7.4 Check Diagnostics
Because this is a least-squares nonlinear model, residual diagnostics are interpreted much as they are for ordinary regression.
Shapiro-Wilk normality test
data: mf_data$resid
W = 0.97225, p-value = 0.1517
These diagnostics do not suggest any serious problem. The residual spread is fairly even, and the histogram is approximately symmetric. As always, you should not rely on a single formal test, but the residual behaviour is consistent with a usable fit.
7.5 Interpret the Results
df AIC
lm_mod 3 395.8491
nls_mod 3 223.6862
df BIC
lm_mod 3 402.3723
nls_mod 3 230.2094
Analysis of Variance Table
Response: V
Df Sum Sq Mean Sq F value Pr(>F)
S 1 10274.8 10274.8 422.59 < 2.2e-16 ***
Residuals 63 1531.8 24.3
---
Signif. codes: 0 '***' 0.001 '**' 0.01 '*' 0.05 '.' 0.1 ' ' 1
The fitted nonlinear model gives estimated values for \(V_{max}\) and \(K_m\), and these are the biologically meaningful outputs of the analysis. The estimated \(V_{max}\) is the asymptotic uptake rate, while \(K_m\) indicates the substrate concentration at which the uptake rate reaches half of that asymptote.
The model comparison also matters. If the linear and Michaelis-Menten models are both fitted to the same data, the nonlinear model has markedly lower information criteria and a much smaller residual error. That supports the biological interpretation already suggested by the plot; that is, uptake increases with substrate concentration, but it does so in a saturating rather than indefinitely linear way.
Nutrient uptake increased rapidly with substrate concentration at low concentrations and then approached an asymptote, consistent with Michaelis-Menten kinetics (Figure 3). The fitted nonlinear model estimated a maximum uptake rate of 51.44 and a half-saturation constant of 10.55. Relative to a simple linear regression, the Michaelis-Menten model provided the better description of the data, with lower AIC and BIC values and a significant improvement in fit (F = NA, p < 0.05). These results indicate that nutrient uptake in this example is saturating rather than linear across the observed substrate range.

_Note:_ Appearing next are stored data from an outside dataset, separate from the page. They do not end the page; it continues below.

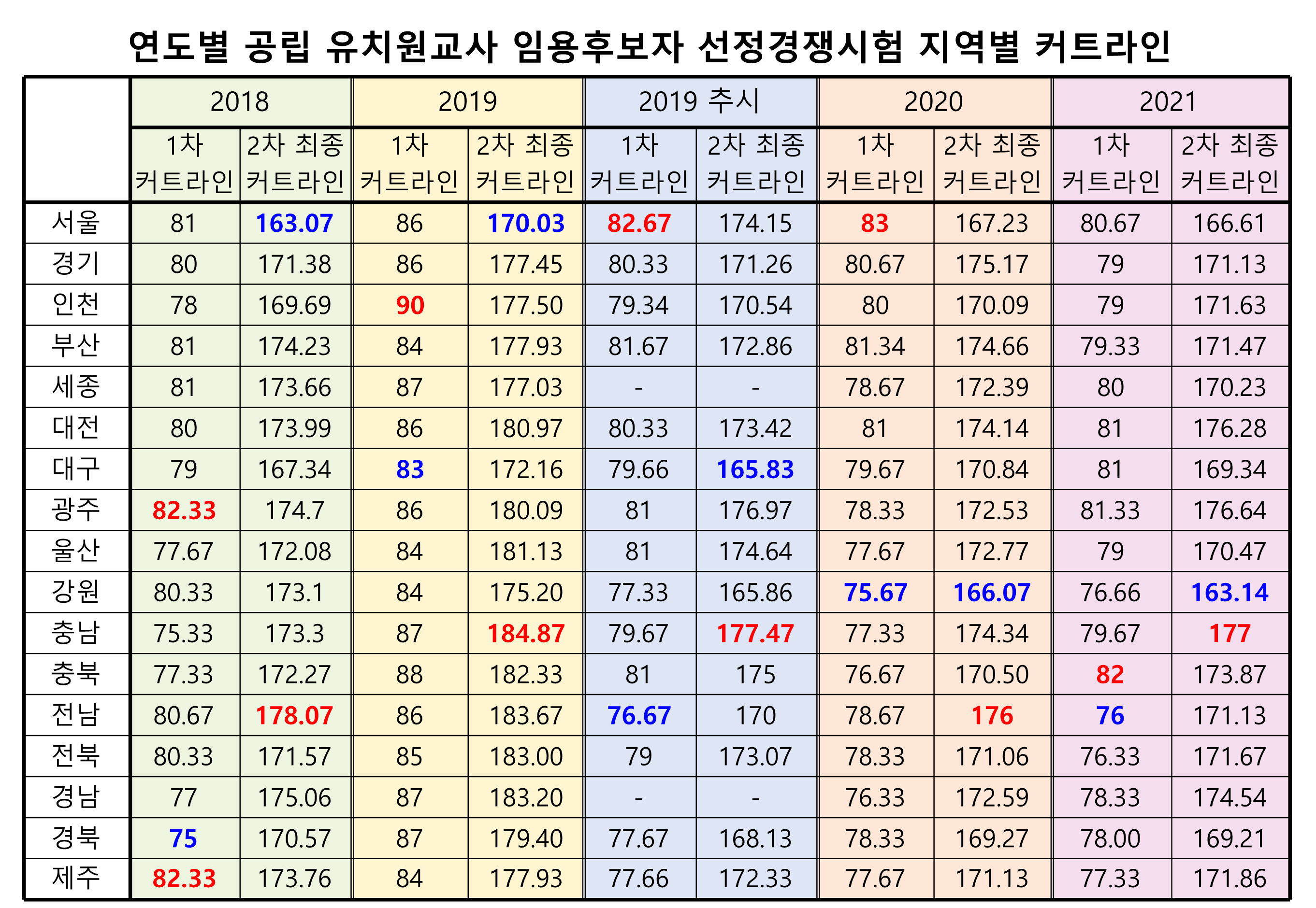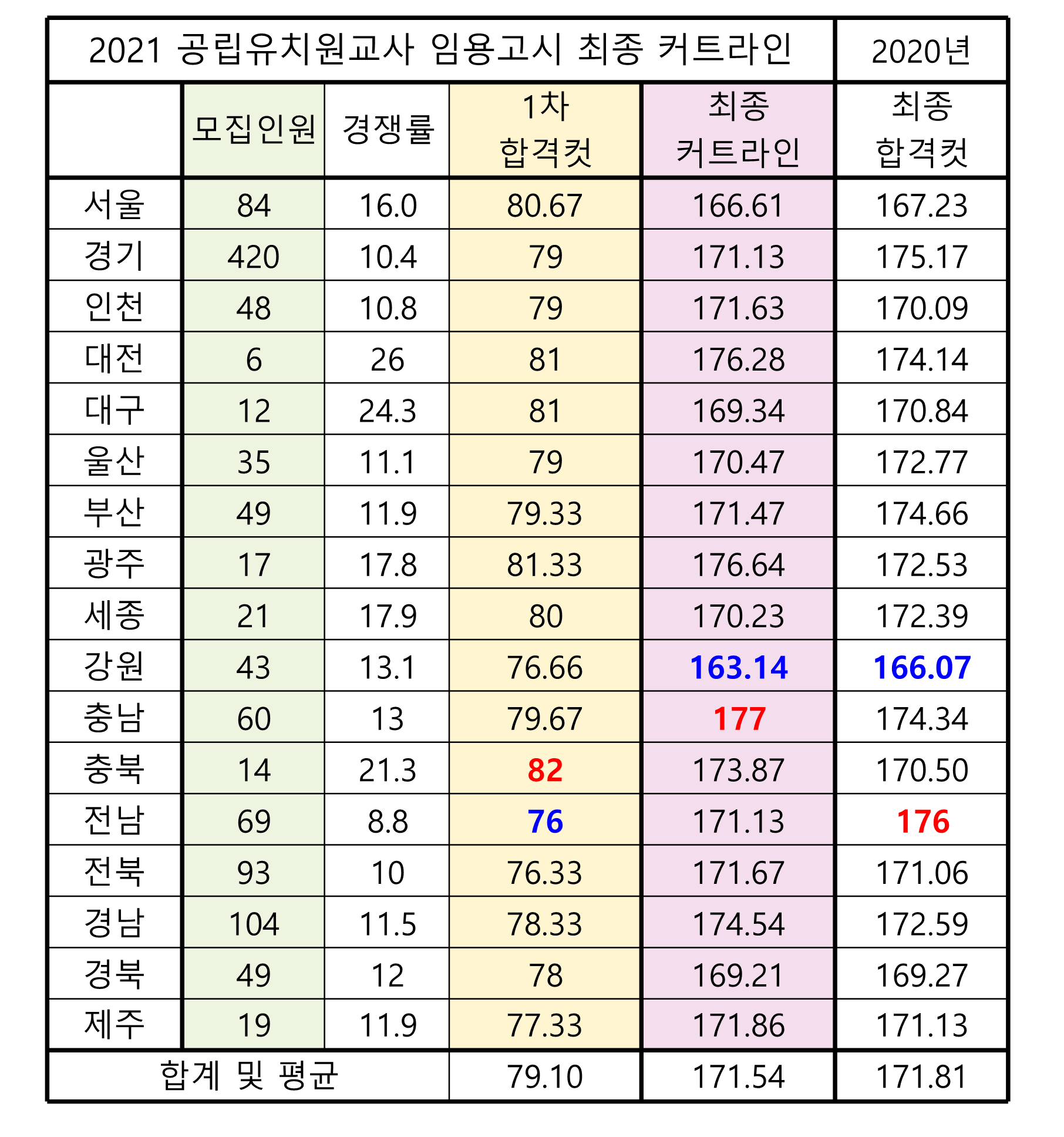 2021학년도 공립유치원교사 임용고시 최종 커트라인
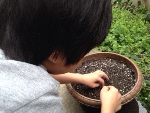 無事GETした鉢は、1・2年生の時の担任の先生から頂いた、お花の種を植えました。 fujita
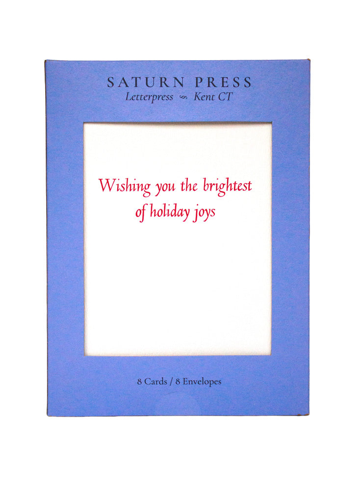 Holiday box sets come packaged in a blue box of eight letterpress cards and matching envelopes.
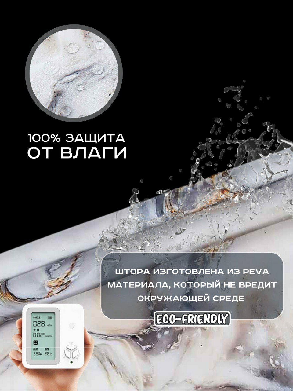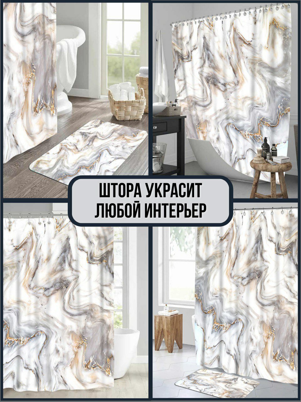 Штора для ванной занавеска водонепроницаемая 3D шторка для душа в ванную 180х200 штора с кольцами
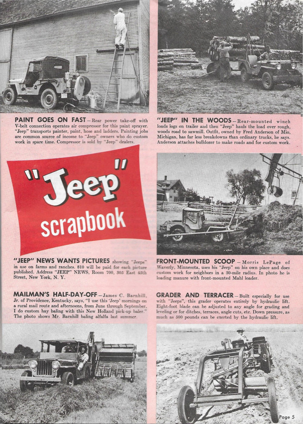 On the same page is a reference to custom baling. That was a major use of the Jeep here in the midwest. On page 7 is a Jeep equipped with a TMC hydraulic lift and bulldozer blade. You can read about them at https://www.farmjeep.com/transport-motor-company-tmc-hydraulic-lift/

7.6 What If We Add Treatments?
Experiments are seldom as simple as the one above. Consider an experiment designed to assess whether an experimental treatment, such as light intensity or seawater temperature, affects nutrient uptake kinetics. It is biologically plausible to expect that each treatment will result in unique \(V_{max}\) and \(K_m\) values.
At that point, the modelling problem becomes a bit more challenging and exciting. A separate nls() fit can be used for each treatment, or a nonlinear mixed-effects model can be used when dependence or grouping must be handled explicitly. That is the nonlinear counterpart of the fixed-effects and mixed-effects logic introduced in Chapter 18. If the response is also non-normal, you are moving towards the broader territory covered in Chapter 19.
The important point is that nonlinear modelling “draws a curve” and it chooses a mean structure that matches the process and then extending that structure carefully when treatments, dependence, or more complicated designs are present.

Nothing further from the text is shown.